Hmmm, this is probably due to the facte that the rev_user field is non-zero for each of the edits listed in those two links, and in fact is linked to the user ID of the user who made the edit; this never happens in the English Wikipedia, so these methods cannot be used there. The rev_user field shows the user ID of the editor who made a particular edit; the equivalent field in the archive table is ar_user. The user ID for an edit is always 0 for anonymous editors, mass-imports and scripts; it isn't usually zero for normal registered users. If the user ID given for an edit made by a registered user is 0, then the "contribs" link won't show up for the user in the page history. This example comes from a mistaken import, but it is illustrative:
http://en.wikipedia.org/w/index.php?title=Ocean&diff=331657005&oldid=271538

No contribs are found for Ryan_Lackey (see top of bug report) in the API of the English Wikipedia, because none of his edits have an associated non-zero user ID:
http://en.wikipedia.org/w/api.php?action=query&list=usercontribs&ucuser=Ryan_Lackey

On the examples from Meta: note that in the history (and also Special:undelete) the links to user page a user talk are red even if the pages actually exist (I'm adding also a screenshot for future reference).

Created attachment 7634
Red link to existing lower case user and user talk pages

See bug 323 comment 35.

Attached:

red_link_to_existing_lowercase_talk_page.png (768×1 px, 129 KB)

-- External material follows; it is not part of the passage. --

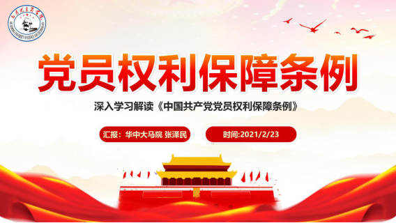随后,三个支部分别带来专题微党课。华中大马院20级硕士第一党支部书记张泽民围绕深入学习解读《中国共产党党员权利保障条例》开展微党课,以《条例》的基本概况,新修订《条例》的主要内容以及党员行使的权利等七个方面的重点解读和条例逐条解析为三个切入点,让同志们更好地理解相关内容。

I've changed the summary once again, so it shows the correct fields!

Thanks to [[it:User:Mauro742]] you can now find the complete list of all 4336 en.wiki affected revisions at [[User:Nemo_bis/Bug 323 revisions]].

Some edits of renamed users are affected, too, and have not been moved to the new username: compare http://meta.wikimedia.org/w/index.php?title=Special:Undelete&target=Native+American+Affairs&timestamp=20020127003202 by [[m:user:maveric149]] (lowercase: see also [[m:Special:Contributions/maveric149]] which for some reason is not empty) and http://meta.wikimedia.org/w/index.php?title=Wikimedia_bank_account_history_for_2004&action=history which was created after the user was renamed to Daniel_Mayer (http://meta.wikimedia.org/w/index.php?title=User:Maveric149&diff=1352761&oldid=157121) and is now under the correct username Mav (I've just restored this page).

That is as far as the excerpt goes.